* EXERCISE:
List all lines of the data containing the word "living".

* Saved entries:
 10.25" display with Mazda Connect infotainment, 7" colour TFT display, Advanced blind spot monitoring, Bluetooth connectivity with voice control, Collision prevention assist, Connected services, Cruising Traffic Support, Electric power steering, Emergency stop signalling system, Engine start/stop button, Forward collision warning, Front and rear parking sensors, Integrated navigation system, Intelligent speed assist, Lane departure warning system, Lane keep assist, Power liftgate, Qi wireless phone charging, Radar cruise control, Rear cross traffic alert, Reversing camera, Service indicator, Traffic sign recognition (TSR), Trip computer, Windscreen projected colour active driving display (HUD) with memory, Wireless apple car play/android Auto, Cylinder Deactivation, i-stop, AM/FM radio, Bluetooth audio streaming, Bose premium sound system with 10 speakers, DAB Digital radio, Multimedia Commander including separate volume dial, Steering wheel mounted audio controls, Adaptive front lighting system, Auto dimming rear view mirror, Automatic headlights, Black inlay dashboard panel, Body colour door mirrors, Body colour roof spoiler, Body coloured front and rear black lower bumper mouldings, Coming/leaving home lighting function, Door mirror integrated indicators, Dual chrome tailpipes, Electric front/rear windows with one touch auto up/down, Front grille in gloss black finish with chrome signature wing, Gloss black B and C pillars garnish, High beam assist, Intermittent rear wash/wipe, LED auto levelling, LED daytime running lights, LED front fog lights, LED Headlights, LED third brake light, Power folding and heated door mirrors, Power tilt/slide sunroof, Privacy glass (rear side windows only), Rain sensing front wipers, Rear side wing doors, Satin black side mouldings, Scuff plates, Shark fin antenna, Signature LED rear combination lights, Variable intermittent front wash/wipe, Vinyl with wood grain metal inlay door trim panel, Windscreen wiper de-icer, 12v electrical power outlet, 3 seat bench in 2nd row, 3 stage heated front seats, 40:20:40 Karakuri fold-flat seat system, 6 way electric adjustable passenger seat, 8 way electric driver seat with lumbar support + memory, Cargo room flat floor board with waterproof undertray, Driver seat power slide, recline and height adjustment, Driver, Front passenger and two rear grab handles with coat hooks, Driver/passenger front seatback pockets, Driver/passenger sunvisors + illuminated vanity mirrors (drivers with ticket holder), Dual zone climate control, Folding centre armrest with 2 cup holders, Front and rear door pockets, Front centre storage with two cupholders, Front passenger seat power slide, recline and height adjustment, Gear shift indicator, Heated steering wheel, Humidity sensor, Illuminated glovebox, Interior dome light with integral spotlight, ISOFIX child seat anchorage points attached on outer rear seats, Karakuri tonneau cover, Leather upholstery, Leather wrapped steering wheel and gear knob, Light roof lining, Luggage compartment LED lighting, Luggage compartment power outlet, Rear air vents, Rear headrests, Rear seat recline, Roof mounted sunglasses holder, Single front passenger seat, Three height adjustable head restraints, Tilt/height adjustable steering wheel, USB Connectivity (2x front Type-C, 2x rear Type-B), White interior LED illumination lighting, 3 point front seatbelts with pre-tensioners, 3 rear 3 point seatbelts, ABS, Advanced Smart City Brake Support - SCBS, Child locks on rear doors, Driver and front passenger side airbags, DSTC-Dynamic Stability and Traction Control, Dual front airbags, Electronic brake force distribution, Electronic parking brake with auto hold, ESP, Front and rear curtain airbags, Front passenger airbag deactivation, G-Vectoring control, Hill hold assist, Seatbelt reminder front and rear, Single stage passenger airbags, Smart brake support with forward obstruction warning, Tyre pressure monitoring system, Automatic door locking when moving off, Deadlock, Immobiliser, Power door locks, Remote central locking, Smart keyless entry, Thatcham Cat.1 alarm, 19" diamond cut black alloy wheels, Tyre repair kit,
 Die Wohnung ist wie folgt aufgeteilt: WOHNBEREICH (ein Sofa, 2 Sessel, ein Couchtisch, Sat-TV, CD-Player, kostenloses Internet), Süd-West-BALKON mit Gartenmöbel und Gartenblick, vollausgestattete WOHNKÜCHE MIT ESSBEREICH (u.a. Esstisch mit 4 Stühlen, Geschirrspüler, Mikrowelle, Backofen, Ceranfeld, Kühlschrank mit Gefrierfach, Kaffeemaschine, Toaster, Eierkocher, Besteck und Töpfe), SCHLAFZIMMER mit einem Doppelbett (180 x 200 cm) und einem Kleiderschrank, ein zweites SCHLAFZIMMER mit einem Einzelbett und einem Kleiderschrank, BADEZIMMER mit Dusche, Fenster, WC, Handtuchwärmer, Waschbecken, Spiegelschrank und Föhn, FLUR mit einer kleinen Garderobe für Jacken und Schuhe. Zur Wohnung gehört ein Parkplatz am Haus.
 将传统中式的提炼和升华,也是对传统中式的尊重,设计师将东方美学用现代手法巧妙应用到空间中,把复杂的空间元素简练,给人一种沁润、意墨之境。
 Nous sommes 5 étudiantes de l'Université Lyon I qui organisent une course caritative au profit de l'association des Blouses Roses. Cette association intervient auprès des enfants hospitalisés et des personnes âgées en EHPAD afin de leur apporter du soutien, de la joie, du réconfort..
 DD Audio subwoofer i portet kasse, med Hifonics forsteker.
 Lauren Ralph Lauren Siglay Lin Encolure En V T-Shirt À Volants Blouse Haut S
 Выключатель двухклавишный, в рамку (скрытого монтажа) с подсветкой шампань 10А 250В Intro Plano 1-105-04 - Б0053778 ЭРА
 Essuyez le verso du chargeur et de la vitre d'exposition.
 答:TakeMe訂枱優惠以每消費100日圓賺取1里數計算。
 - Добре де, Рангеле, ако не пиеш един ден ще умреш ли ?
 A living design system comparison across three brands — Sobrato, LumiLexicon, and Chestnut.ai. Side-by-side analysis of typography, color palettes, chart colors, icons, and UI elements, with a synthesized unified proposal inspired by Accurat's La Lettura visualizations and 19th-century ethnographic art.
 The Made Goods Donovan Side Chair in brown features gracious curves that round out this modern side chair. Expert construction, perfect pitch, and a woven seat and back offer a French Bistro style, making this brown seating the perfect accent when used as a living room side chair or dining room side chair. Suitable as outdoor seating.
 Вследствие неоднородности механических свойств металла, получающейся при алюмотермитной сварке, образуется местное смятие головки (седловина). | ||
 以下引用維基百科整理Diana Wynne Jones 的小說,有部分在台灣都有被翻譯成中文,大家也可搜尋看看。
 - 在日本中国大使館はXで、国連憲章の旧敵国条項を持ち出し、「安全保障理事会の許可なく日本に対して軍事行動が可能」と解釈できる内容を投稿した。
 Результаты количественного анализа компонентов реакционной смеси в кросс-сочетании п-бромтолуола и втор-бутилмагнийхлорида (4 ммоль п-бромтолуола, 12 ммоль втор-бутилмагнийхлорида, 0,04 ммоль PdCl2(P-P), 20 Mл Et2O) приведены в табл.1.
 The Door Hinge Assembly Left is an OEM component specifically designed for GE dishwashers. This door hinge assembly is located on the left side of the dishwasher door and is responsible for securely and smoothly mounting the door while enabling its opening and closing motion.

* OUTPUT BELOW:
 A living design system comparison across three brands — Sobrato, LumiLexicon, and Chestnut.ai. Side-by-side analysis of typography, color palettes, chart colors, icons, and UI elements, with a synthesized unified proposal inspired by Accurat's La Lettura visualizations and 19th-century ethnographic art.
 The Made Goods Donovan Side Chair in brown features gracious curves that round out this modern side chair. Expert construction, perfect pitch, and a woven seat and back offer a French Bistro style, making this brown seating the perfect accent when used as a living room side chair or dining room side chair. Suitable as outdoor seating.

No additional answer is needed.